# [Assignment]
The result should be a word-for-word retyping of the entries below, free of pictures.

--- Raw data Enclosed Below ---

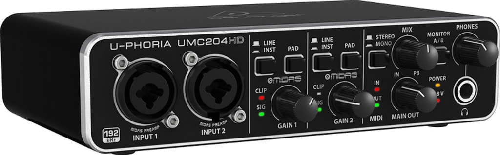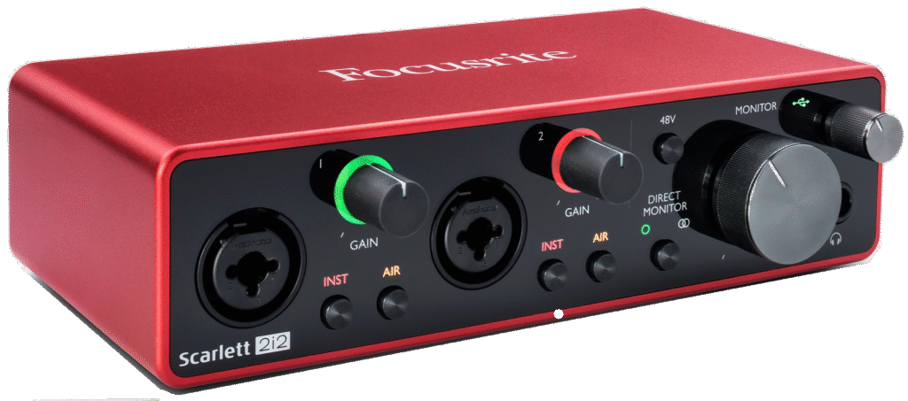 Pratique avec sa connexion USB, le prix est néanmoins un peu élevé ~150€ mais cela sera vite compensé par le fait que l’on utilisera la carte son du PC et ne nécessitera pas de câbles spécifiques.
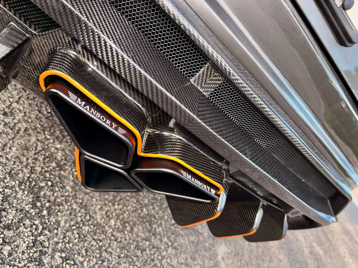 Equipped with an aggressive Mansory carbon fiber widebody kit, custom aerodynamic accents, and large forged wheels, this Urus delivers a powerful road presence from every angle. Under the hood, a twin-turbo V8 producing over 650 horsepower launches the SUV from 0 to 60 mph in just over three seconds, offering relentless acceleration and precise control.
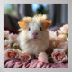 Ein geschmeidiges, flauschiges Guinea-Schwein mit Rose. Mit seinem weichen, lockigen Fell und seiner spielerischen Persönlichkeit wird es jedem, der es trifft, Freude bereiten.
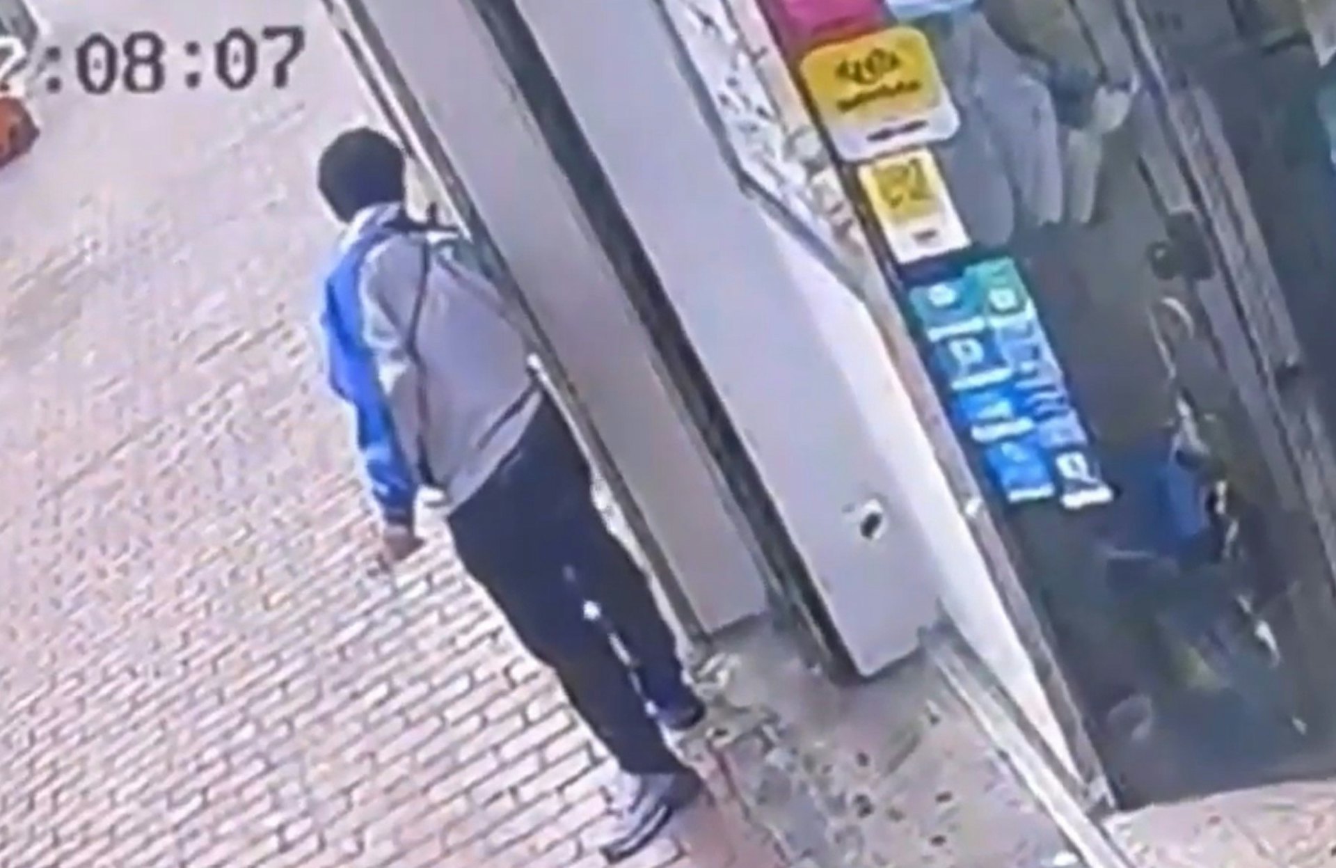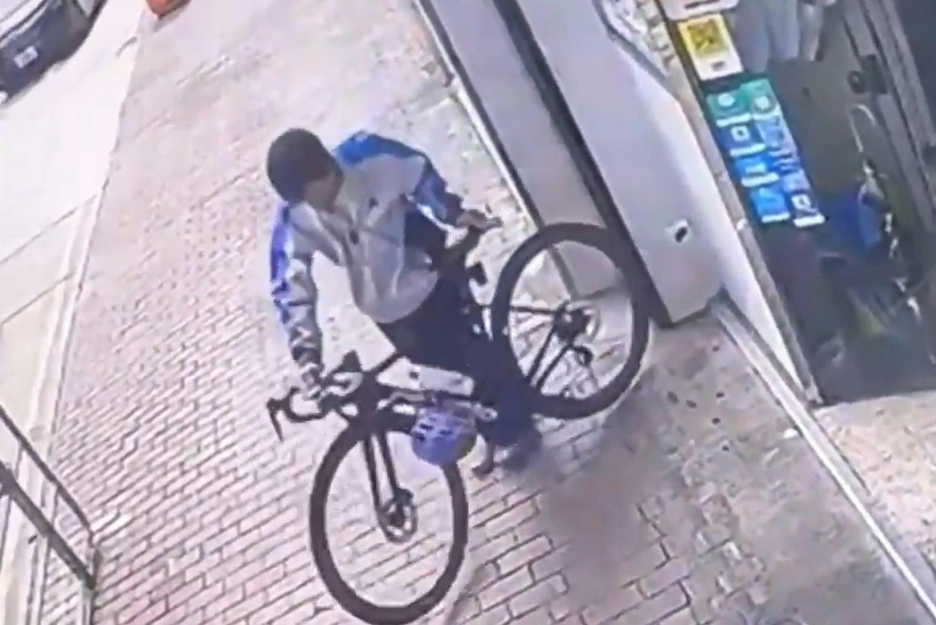 * v+ C4 z) E" s( G" I0 u& w網上同日流傳相關閉路電視片段,一名身穿藍白色運動外套的男子在街上吃着小食,之後背對鏡頭,繼而連同頭盔,一併抬走單車。
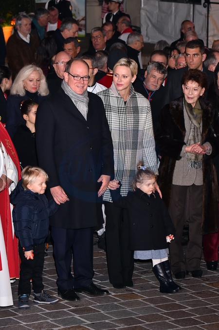 Ksiaze Albert i ksiezna Charlene z dziecmi na ceremonii - Sainte Devote
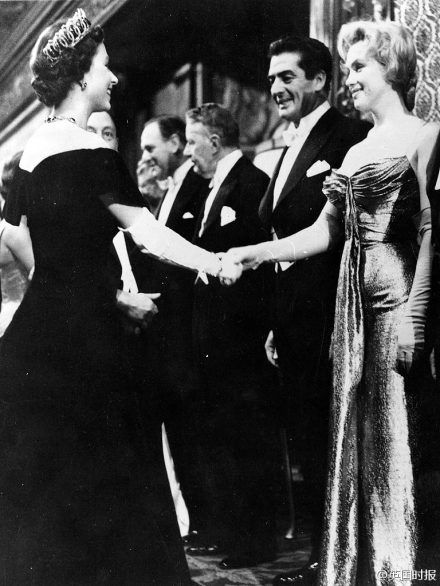 1956年10月,伦敦,梦露和英女王,当时两人都30岁。
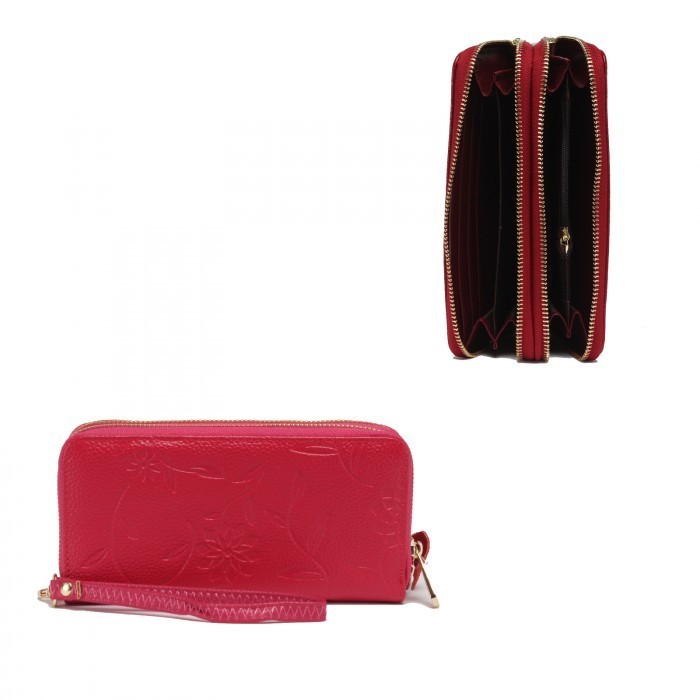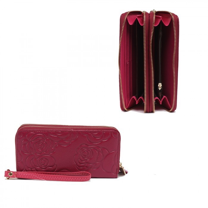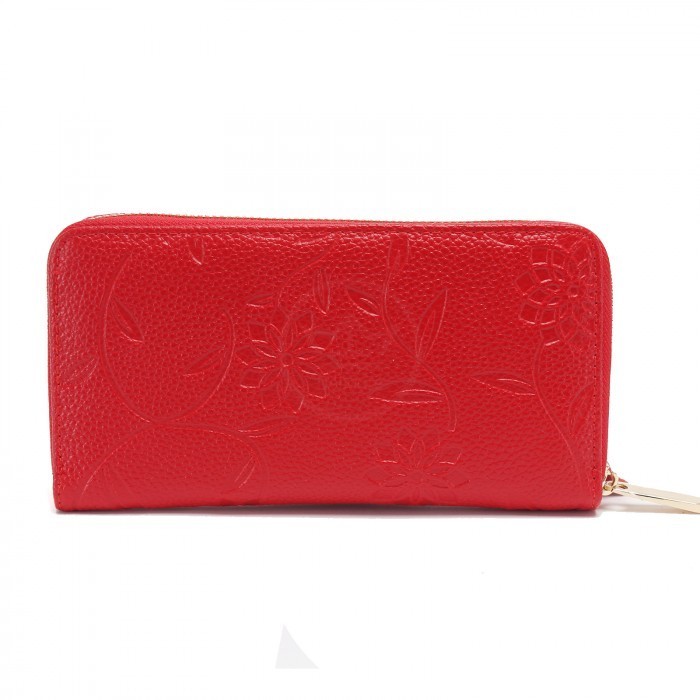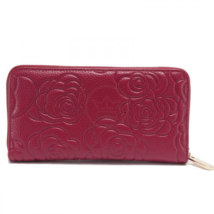 Кошелек женский натуральная кожа 528, на 1 молнию, 6отд+8карм, (внутри иск/к) цветок, красный 221850 Вопросы по товару

--- End of Enclosed Raw data ---

# [Response to this task]
 Pratique avec sa connexion USB, le prix est néanmoins un peu élevé ~150€ mais cela sera vite compensé par le fait que l’on utilisera la carte son du PC et ne nécessitera pas de câbles spécifiques.
 Equipped with an aggressive Mansory carbon fiber widebody kit, custom aerodynamic accents, and large forged wheels, this Urus delivers a powerful road presence from every angle. Under the hood, a twin-turbo V8 producing over 650 horsepower launches the SUV from 0 to 60 mph in just over three seconds, offering relentless acceleration and precise control.
 Ein geschmeidiges, flauschiges Guinea-Schwein mit Rose. Mit seinem weichen, lockigen Fell und seiner spielerischen Persönlichkeit wird es jedem, der es trifft, Freude bereiten.
 * v+ C4 z) E" s( G" I0 u& w網上同日流傳相關閉路電視片段,一名身穿藍白色運動外套的男子在街上吃着小食,之後背對鏡頭,繼而連同頭盔,一併抬走單車。
 Ksiaze Albert i ksiezna Charlene z dziecmi na ceremonii - Sainte Devote
 1956年10月,伦敦,梦露和英女王,当时两人都30岁。
 Кошелек женский натуральная кожа 528, на 1 молнию, 6отд+8карм, (внутри иск/к) цветок, красный 221850 Вопросы по товару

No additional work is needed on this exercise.